Alteon WebSystems Debuts Bandwidth Management

FRAMINGHAM (05/05/2000) - At NetWorld+Interop 2000 Alteon WebSystems Inc. will introduce a switch software module that will let companies control how much bandwidth is allocated to specific users and applications.

The software module for Alteon's Web OS 8.0 operating system will let users meter, control and account for bandwidth use - by client, server farm, virtual service, application, user class, content type and many other traffic classifications - using a variety of Layer 2 through Layer 7 network attributes. By controlling how much bandwidth is allocated to certain types of users, network executives can deliver quality-of-service contracts to their customers.

Using bandwidth control, servers can share loads more safely because users have a set amount of bandwidth allocated to them. That bandwidth control prevents some users from taking up too many server resources and leaving others out in the cold, according to observers.

The bandwidth management feature will be available as a module for Web OS 8.0, which runs Alteon's switches, but existing switch customers can also add the module to current switches as an upgrade for about $9,000.

"[Before we started using the new Alteon technology], we were using our firewalls to manage bandwidth, but that wasn't effective because we weren't able to designate bandwidth for certain types of users like we can now," says d'Mitri DeVos, manager of system operations at Computer.com in Maynard, Massachusetts. "Plus, now our firewalls can focus just on what they're supposed to do without getting bogged down in bandwidth issues," he adds, noting that one of the nicest features about the upgrade is that it was easily downloaded onto the switch and didn't require any new hardware. Computer.com is an educational resource site that provides information to computer users.

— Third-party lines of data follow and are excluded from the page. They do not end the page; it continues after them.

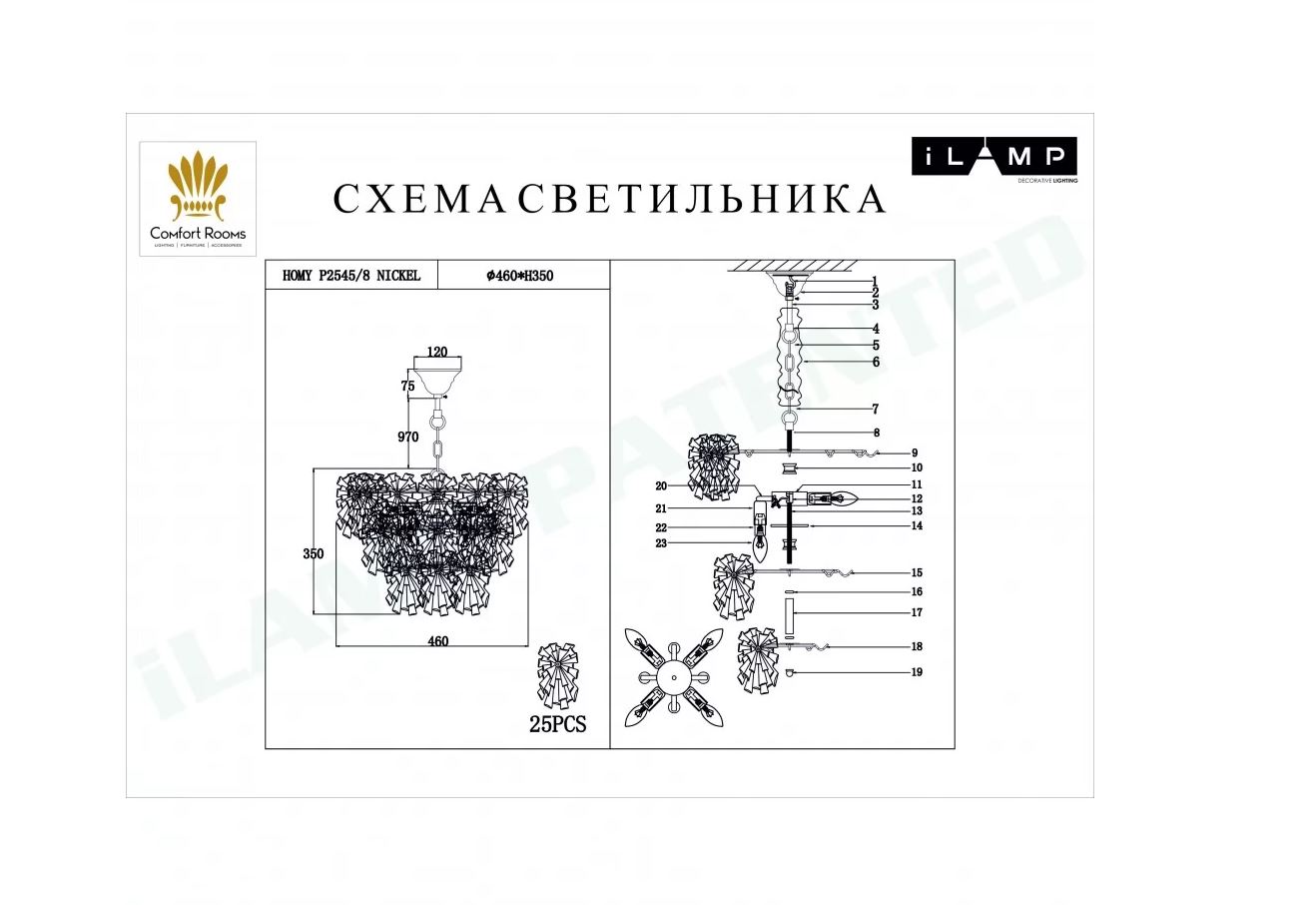 Подвесная люстра каскадная Homy P2545-8 NIC от российского бренда iLamp исполнена в цвете никель из металла и украшена декором из стекла. Модель имеет плафон из стекла и подходит для размещения на потолке в гостиной, спальне, кухне, кабинете в стиле модерн. Лампочки с цоколем 8xE14 имеют мощность 320W и освещают площадь до 16 кв. м. Напряжение питания 220V. Дополнительные опции: регулировка по высоте, возможность подключения диммера. Монтаж производится на металлический крюк. Диаметр — 460 мм. Заказывайте iLamp Homy P2545-8 NIC онлайн по низкой цене с гибкими условиями доставки на Fedomo.ru!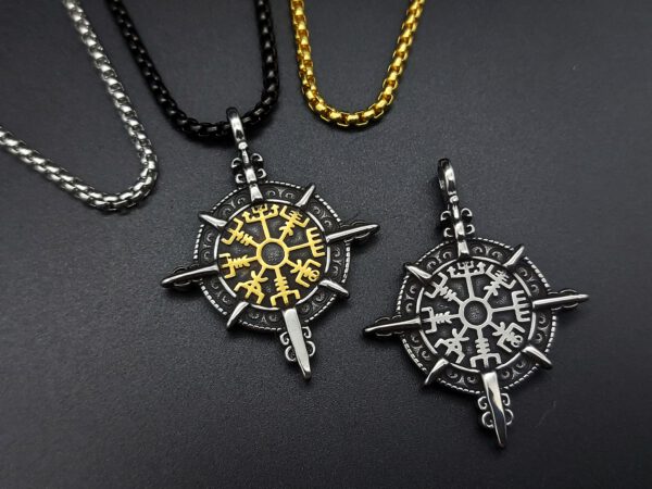 Kompass mit Vegvisir wahlweise in gold/silber oder silber – Anhänger/Kette Halskette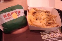 点了珍味皇菇堡、肉酱芝士薯条还有一个新产品的汉堡,叫不上名字,里面有猪肉牛肉洋葱圈的,挺厚实的一个汉堡,味道也还不错,珍味皇菇堡的料很多,香菇味很浓,里面还有一块鸡肉,肉酱芝士薯条还不错,薯条属于挺粗的,就是稍微咸了点。查看更多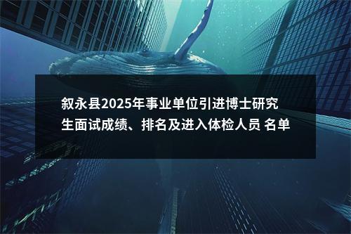 原标题:叙永县人力资源和社会保障局 关于公布叙永县2025年事业单位引进博士研究生面试成绩、排名及进入体检人员 名单、考察等相关事宜的公告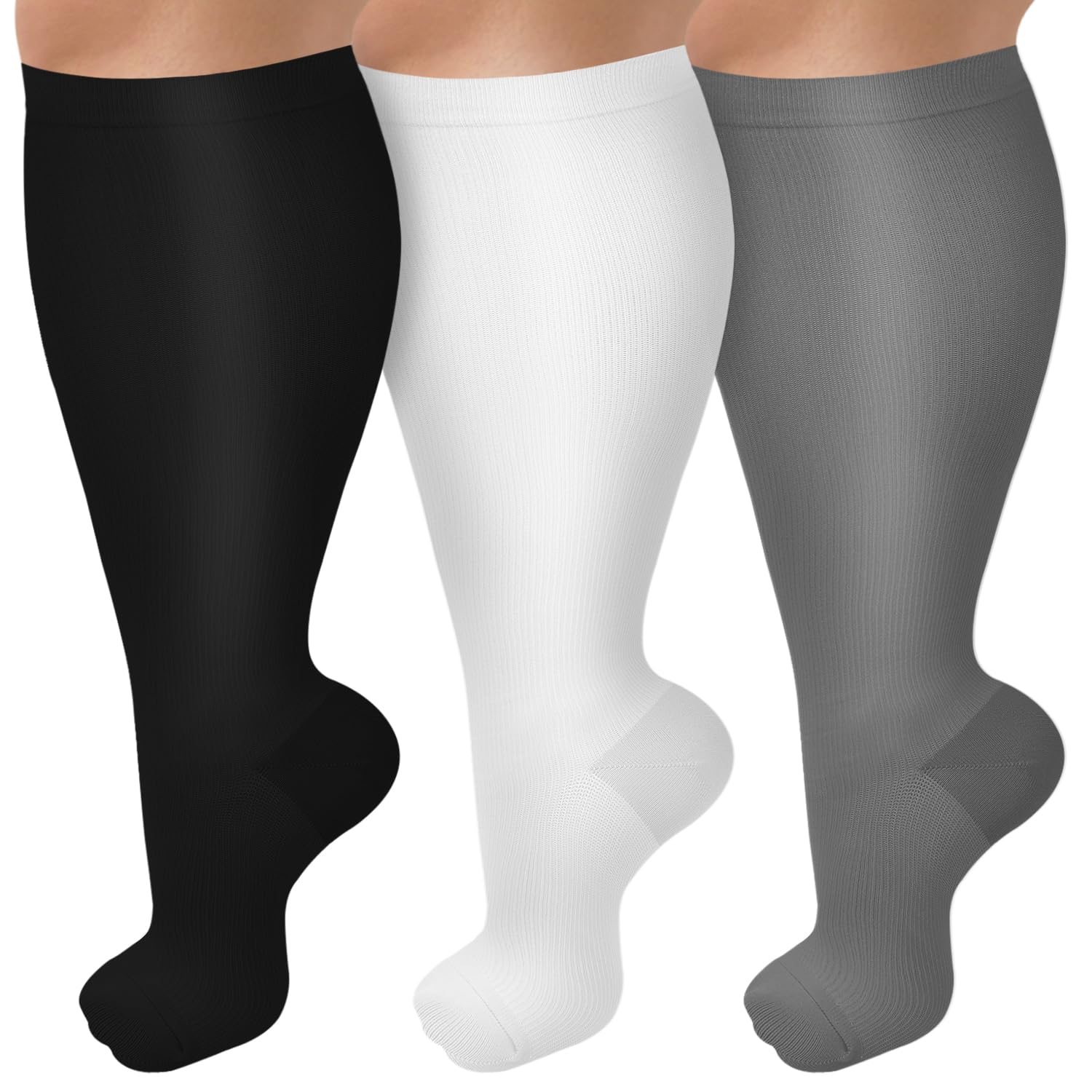 【Easy Care & Customer Service】- Our plus size compression socks are easy to care for. Just wash them with like colors and tumble dry on low. If you have any question Please contact our customer support. Always select the right size to buy, by measuring your calf at the widest point with muscle relaxed to get accurate size.

DeVos says by being able to designate bandwidth to specific user pools, the company can ensure that developers for its site, as well as partners and its CEO have specific amounts of bandwidth they need to get their jobs done. In addition to the bandwidth management feature, Web OS 8.0 will incorporate other new capabilities, including:

A Virtual Matrix Architecture that uses dual per-port processors to speed processing.

User-configurable directory tables that help administrators manage clients based on location for server load balancing.

User-scriptable server health checks to monitor for server uptime and performance.

Server security features and secure switch administration.

IP type-of-service tagging and traffic redirection.

Load balancing and traffic redirection with URL header parsing.

Alistair Croll, an analyst at Networkshop in Montreal, says bandwidth management can help companies with e-commerce sites ensure that important applications, such as those that let customers purchase goods and services, have enough server resources.

Aside from new software, Alteon is also introducing two additions to its ACEdirector and Alteon 180 Web switch lines: the Alteon 184 and ACEdirector 4.

The two new switches will feature 4M bytes of memory per port - twice as much per port as their predecessors, the Alteon 180e and ACEdirector3. Both new switches are aimed at the enterprise and can handle more than one million concurrent sessions per second - a twofold increase from the Alteon 180e and ACEdirector 3. The primary difference between the two switches is that the Alteon 184 has eight dual Fast Ethernet/gigabit ports, with a gigabit uplink; the ACEdirector 4 has eight Fast Ethernet ports and one gigabit uplink. Also, Alteon is offering DC power options across all Alteon Web lines in response to ISPs and application service providers, which often call for that option.

The ACEdirector 4 list price starts at $20,000, and the Alteon 184 starts at $29,000.

Alteon declined to comment on this story.